October 15, 2012
Britt S. Livak et al. Open AIDS J 2012; 6(Suppl 1: M6):142-8. Read the abstract.
The role of anal intercourse in HIV transmission among heterosexuals is understudied, despite evidence that many women, including those most at risk for HIV acquisition, engage in anal sex. According to one recent study, approximately 9% of women in the general U.S. population had anal sex within the past 12 months, and in a national probability sample, a third of the women aged 20 to 44 reported ever having anal sex.
Other data find that anal sex, particularly among injection drug users, was associated with additional risks for sexually transmitted infections (STIs). Less is known about specific sexual practices, such as anal sex, among non-injecting women, such as those living in inner cities in poverty.
This study from the Chicago Department of Health piggybacks on the recruitment of participants in a CDC study of people at risk for HIV in 21 cities across the U.S. To make sense of the study results, it is important to understand who exactly was recruited. The study involves identification of geographic areas considered higher-risk for heterosexual HIV transmission based on HIV prevalence and poverty level. People frequenting venues (convenience stores, laundromats, street corridors, etc.) within a selection of these areas were recruited and surveyed.
Of the 1,101 people approached, 851 consented; 48% were women. The mean age of women participating in the study was 31.7 years; the majority were black (82%) and had an annual income less than $10,000 (81%). Over the past year, 15% were homeless and 11% had been arrested and detained for over 24 hours. Excluding five who reported injection drug use, 87% reported unprotected vaginal sex and 17% reported anal sex (for 86% of those women, the anal sex was unprotected) in the past 12 months.
Rapid HIV testing was accepted by 381 (94%) of the women in the study; seven (1.86%) were positive, with no major difference in positivity rates between those with and without a history of anal sex.
In a multivariable analysis of factors associated with anal sex (adjusted for age and having had unprotected vaginal intercourse in the past 12 months), three variables were independently correlated with anal intercourse in the past 12 months: having three or more sex partners in the past 12 months (OR 3.27, 95% CI, 1.53-6.99), self-reported STI diagnosis in the past 12 months (OR 2.13, 95% CI, 1.06-4.26) and having had vaginal or anal intercourse for the first time before the age of 15 (OR 2.23, 95% CI, 1.28-3.89).
The prevalence of these and other STI risk factors in this sample -- including concurrency, prior diagnosis with STIs, illicit substance abuse and alcohol abuse -- was striking. Moreover, almost 90% of participants reported they had neither been exposed to nor utilized HIV prevention services over the previous year.
Importantly, the authors draw attention not only to the potential use of their data to profile women who may have higher risk of HIV acquisition via anal sex, but also to the structural factors they discovered that likely promote HIV/STI transmission in these women. Such structural factors include endemic homelessness, unemployment, low education attainment and incarceration.
Remedies for these social ills are a challenge to develop. Unlike interventions that target individual behavior, those addressing the structures that exist in a community may be difficult to apply and test. However, a greater obstacle to minimizing the effects of poverty, discrimination and similar forces is a failure to acknowledge their existence and a lack of willingness to take meaningful action to mitigate their toxic effects.
The current political debate on the role of government, which is uniquely able to intervene on a scale necessary to affect significant change, makes it clear that many in the U.S. do not believe we should be righting these wrongs. Until the scales tip more in favor of such action, we will continue to see grim reports such as this reminding us of the cost of inaction.
Van N. Selby et al. AIDS 2012, 26:1967-9. Read the abstract.
Pulmonary artery hypertension, a dangerous complication of HIV infection, is challenging to diagnose. Typically, the workup starts with a doppler echocardiogram. However, in a study from San Francisco, echocardiography was found to be insensitive for detection of pulmonary artery hypertension when compared to the gold standard of right heart catheterization.

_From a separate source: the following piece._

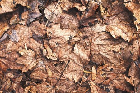 Dry leaves on the ground. Autumn background. Natural pattern.
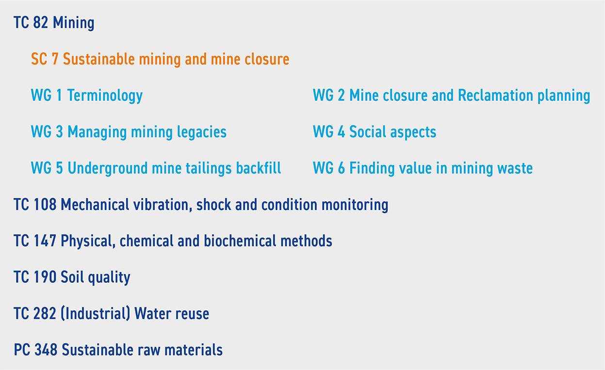 Organisation of ISO/TC 82 Mining and SC 7 with links to other ISO Committees (selection). Source: ISO/TC 82/SC 7 (2025): Sustainable mining and mine closure.Abandoned (legacy) mines globally impact the perception and reality of mining as a sustainable extractive industry. It is only when mine landforms are safe, stable and non-polluting that they have the potential to provide the foundation for sustainable post-mining land uses including being returned to earlier uses or being used for new and even multiple uses. However, the starting point for mining legacies is a degraded biophysical state, perhaps dangerous and where land-connected people and communities have been disconnected and had livelihoods disrupted. The ISO 24419 “Managing mining legacies” standard is a relatively new standard which details how to take negative legacies and create beneficial post-mining uses and social reconnections. Developed in two parts, this standard was informed by the United Nations Sustainable Development Goals (UN SDGs). This context ensured the many and varied dimensions of …

The study was conducted among a cohort of 422 HIV-infected patients who underwent a research cardiac echo. Of these, 129 had an estimated pulmonary artery systolic pressure of 30 mmHg or more (an established upper limit of normal). They were all offered right heart catheterization; 76 accepted (80% male, median age 52 years).
While the pulmonary artery pressures estimated by the doppler echocardiography and the heart catheterization were generally correlated, the echo tended to overestimate pressures overall, but underestimate pressures when values were high. This meant that for 14 patients who were determined by right heart catheterization to have pulmonary artery hypertension (pressure >35 mmHg), five were missed by echocardiography.
These concerning results mirror those from studies of uninfected patients. HIV clinicians should take note of the limits of echocardiography and appreciate that when pulmonary artery hypertension is on the differential, a negative echo does not rule out the diagnosis. Only heart catheterization can be conclusive.